Use of operator defect identities in multi-channel signal plus residual-analysis via iterated products and telescoping energy-residuals: Applications to kernels in machine learning
This work addresses theoretical analysis challenges in complex systems and machine learning, though it appears incremental as it builds on existing operator theory and residual analysis concepts.
The paper tackles the problem of analyzing complex systems with component subdivisions by developing an operator theoretic framework for residual analysis, proving new admissibility results and a priori bounds on energy residuals. It applies this framework to machine learning algorithms like greedy Kernel PCA, providing explicit convergence results, residual energy decomposition, and stability criteria under noise.

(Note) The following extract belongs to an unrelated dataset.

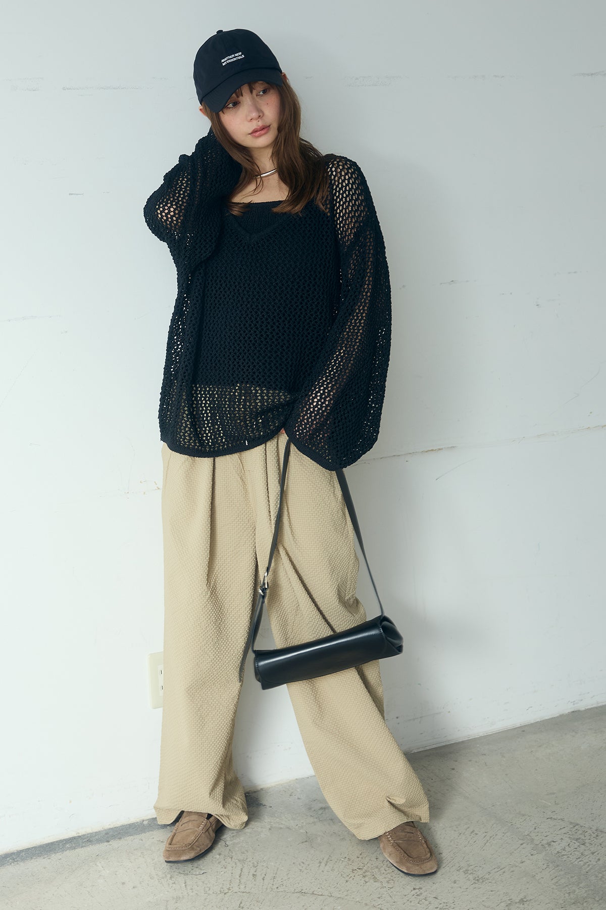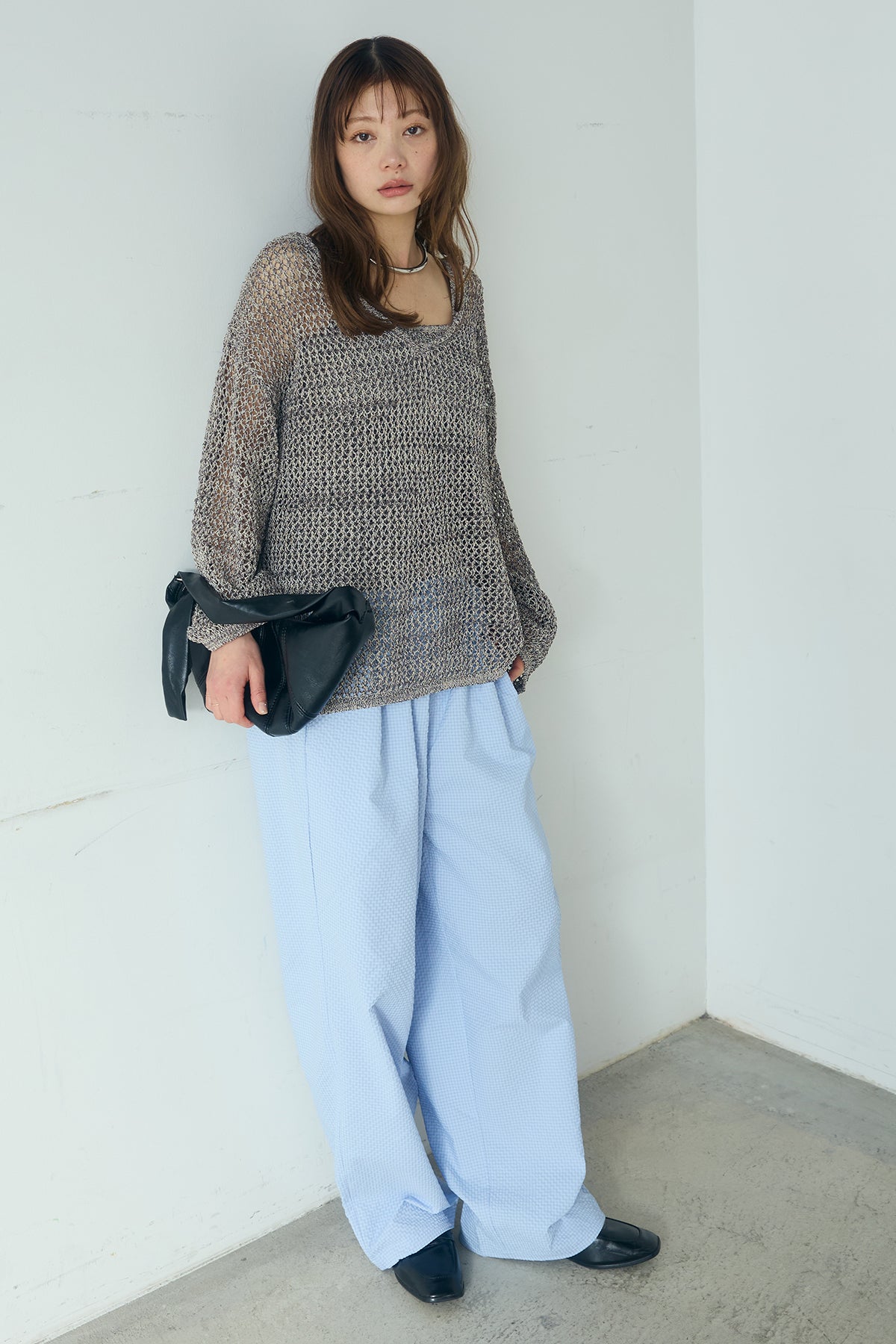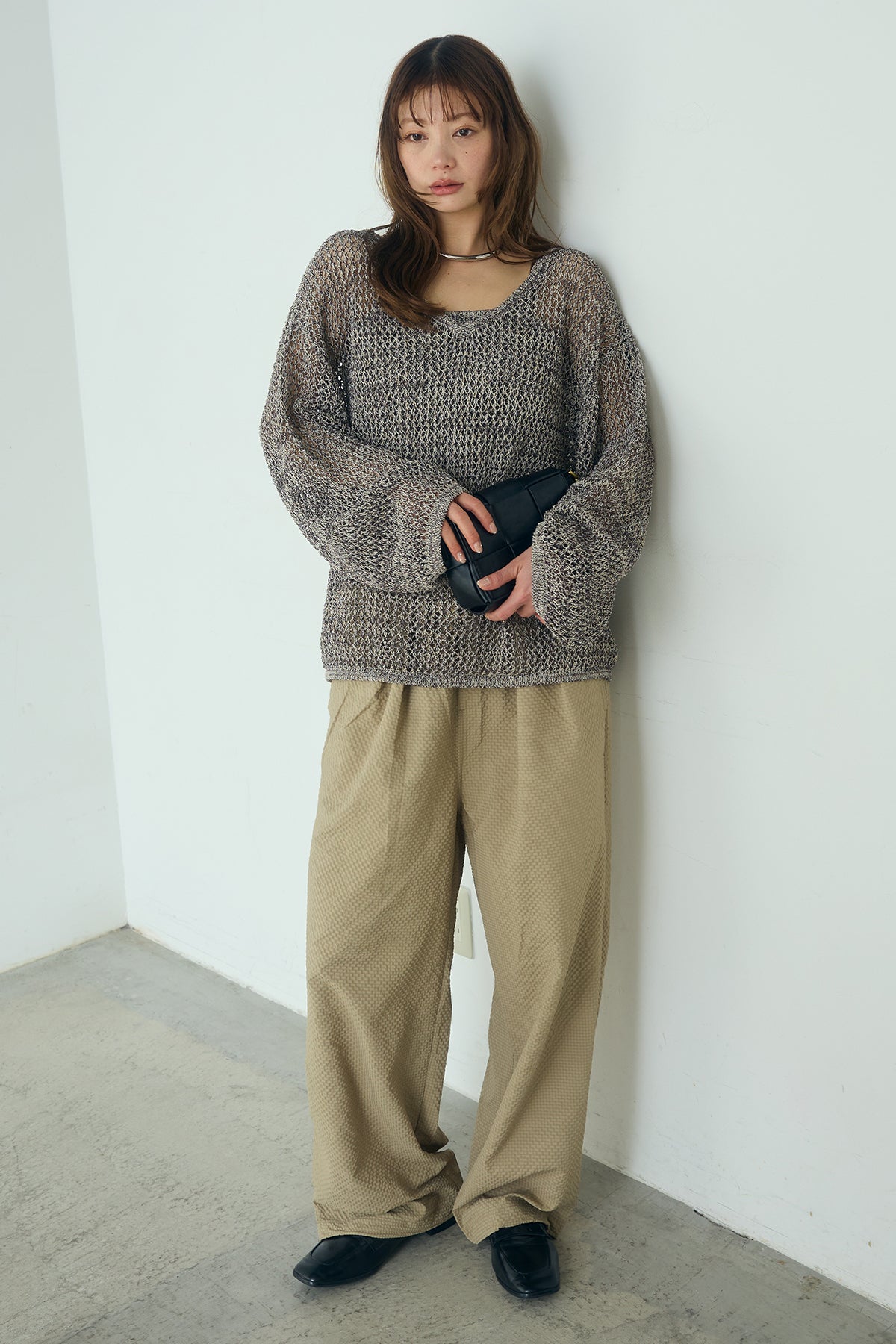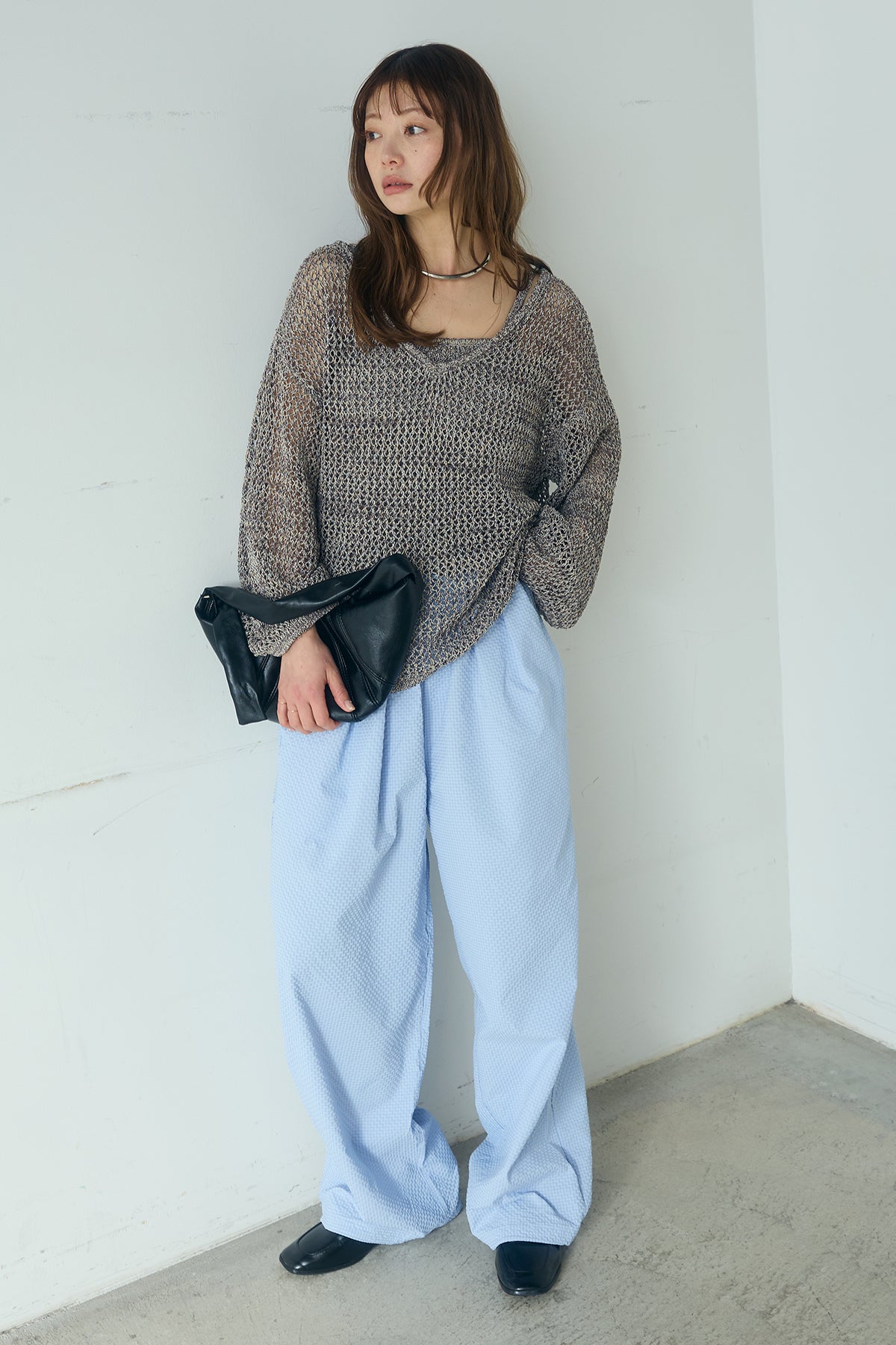 [SET]メッシュ編みビスチェセットVネックプルオーバー+シアサッカーイージーパンツ(2set)

We present a new operator theoretic framework for analysis of complex systems with intrinsic subdivisions into components, taking the form of "residuals" in general, and "telescoping energy residuals" in particular. We prove new results which yield admissibility/effectiveness, and new a priori bounds on energy residuals. Applications include infinite-dimensional Kaczmarz theory for $λ_{n}$-relaxed variants, and $λ_{n}$-effectiveness. And we give applications of our framework to generalized machine learning algorithms, greedy Kernel Principal Component Analysis (KPCA), proving explicit convergence results, residual energy decomposition, and criteria for stability under noise.